Data section =>
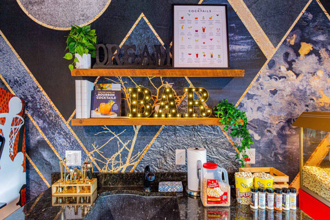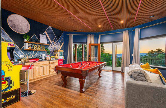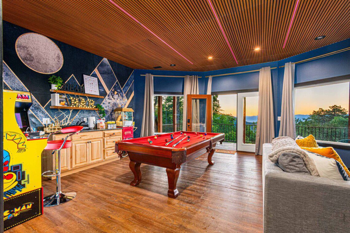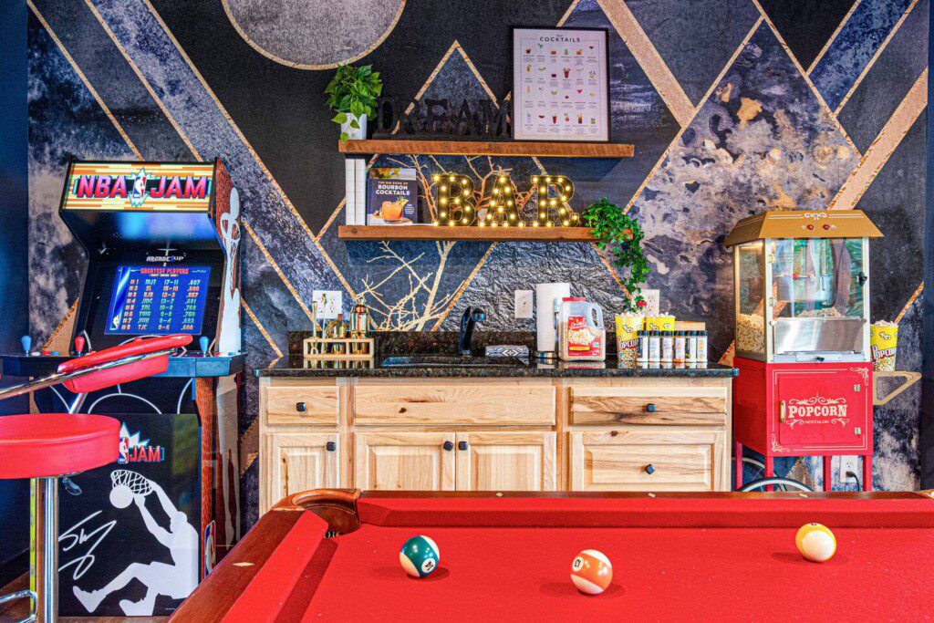 – Wet bar, billiards, ping-pong, shuffleboard, arcade games (Pacman, NBA Jam, NFL Blitz), giant Connect 4, Jenga, and 65″ TV.
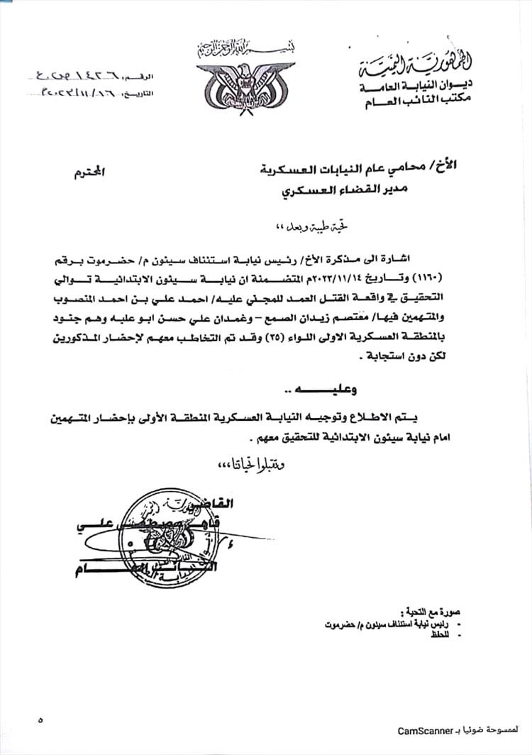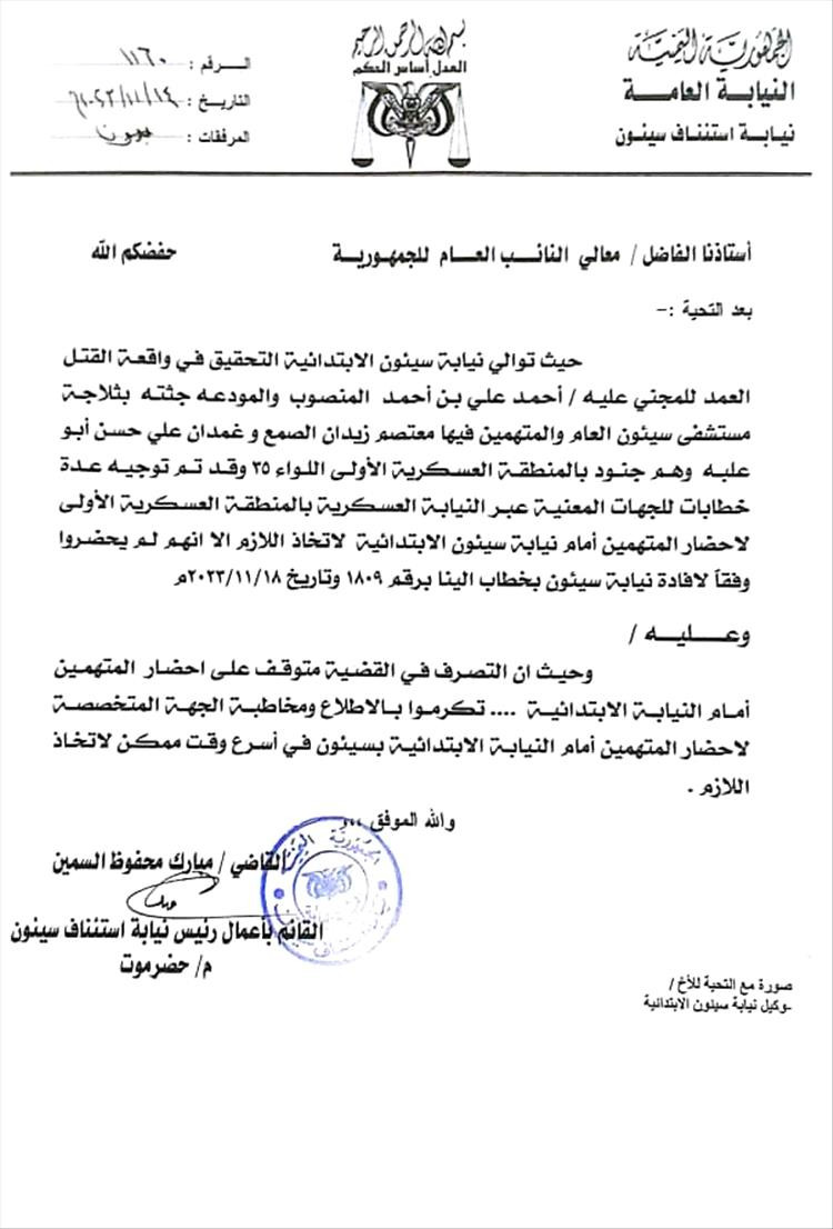 يأتي ذلك بعد توجية مذكرة من نيابة استئناف سيئون انه تم التوجيه عدة خطابات عبر النيابة العسكرية بالمنطقة لاحضار المتهمين بالقتل العمد على المجني عليه احمد علي بن علي المنصوب المودعة جثته ثلاجة مستشفى سيئون والمتهمين فيها معتصم زيدان الصمع و غمدان علي حسن وهم جنود بالمنطقة العسكرية الاولى.
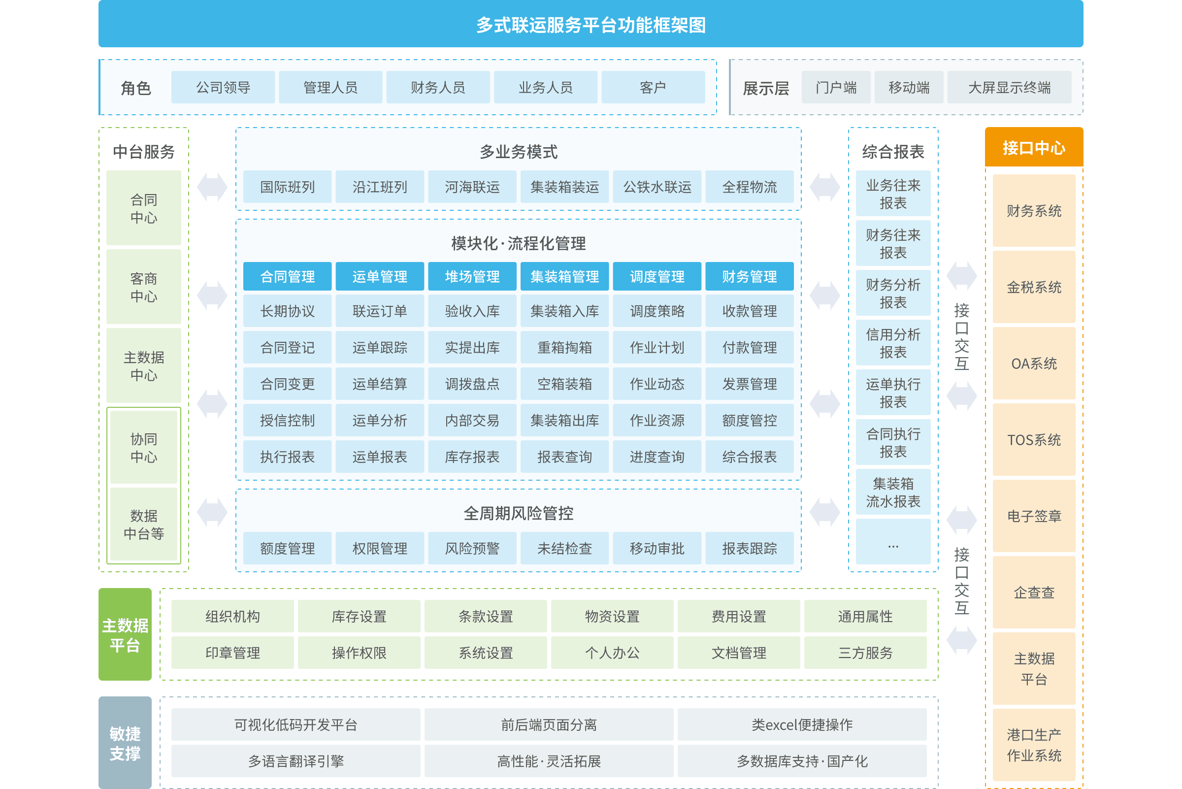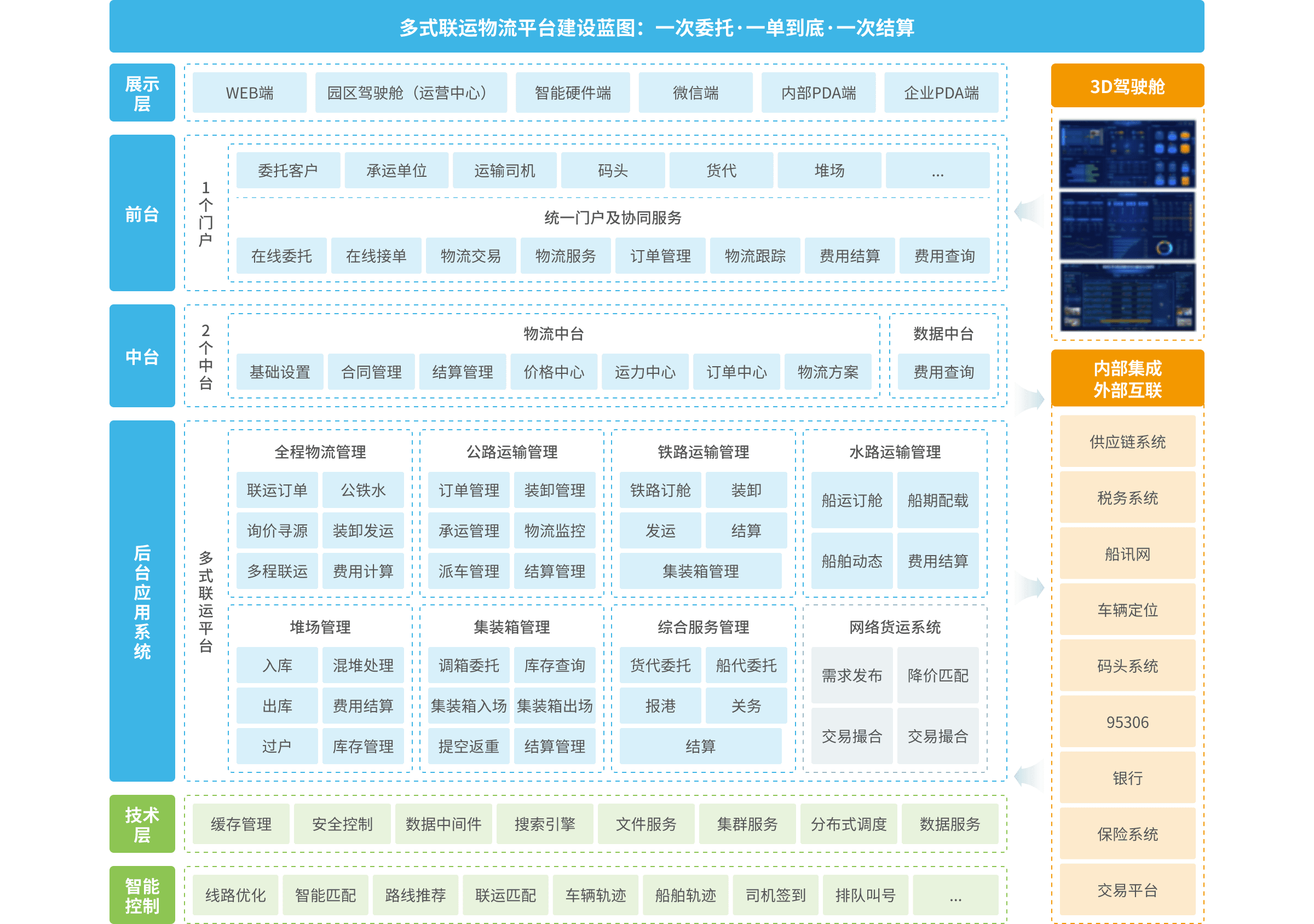 多式聯(lián)運(yùn)平臺(tái)的建設(shè)包括協(xié)同中心、訂單中心、調(diào)度中心、運(yùn)單管理、集裝箱管理、物流監(jiān)控中心、結(jié)算管理以及貨代、合同、堆場(chǎng)管理等模塊配套。前臺(tái)提供給委托單位、物流供應(yīng)商一個(gè)在線化的協(xié)同平臺(tái),可在線訂艙、在線委托、在線訂單跟蹤以及物流公司的在線接單、在線派單等功能;后臺(tái)實(shí)現(xiàn)多式聯(lián)運(yùn)訂單管理、調(diào)度、運(yùn)單、結(jié)算等全過程的“一單制、一票制、一箱制”業(yè)務(wù)管控。
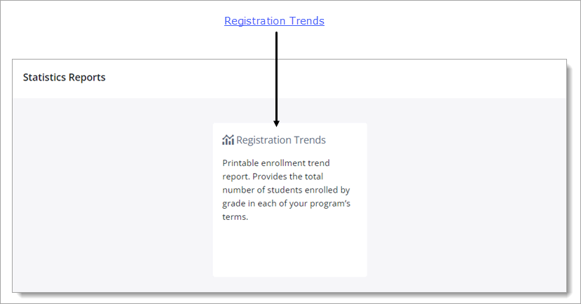 The Statistics Reports page features an enrollment trend report that enables you to view trends in your program's enrollment data. The report is useful for analyzing enrollment trends over time and for viewing growth and attrition rates for specific grades.

Work to complete => With every picture omitted, write out the material exactly from its first line through the line containing "يأتي ذلك بعد".

Solution for this exercise =>
 – Wet bar, billiards, ping-pong, shuffleboard, arcade games (Pacman, NBA Jam, NFL Blitz), giant Connect 4, Jenga, and 65″ TV.
 يأتي ذلك بعد توجية مذكرة من نيابة استئناف سيئون انه تم التوجيه عدة خطابات عبر النيابة العسكرية بالمنطقة لاحضار المتهمين بالقتل العمد على المجني عليه احمد علي بن علي المنصوب المودعة جثته ثلاجة مستشفى سيئون والمتهمين فيها معتصم زيدان الصمع و غمدان علي حسن وهم جنود بالمنطقة العسكرية الاولى.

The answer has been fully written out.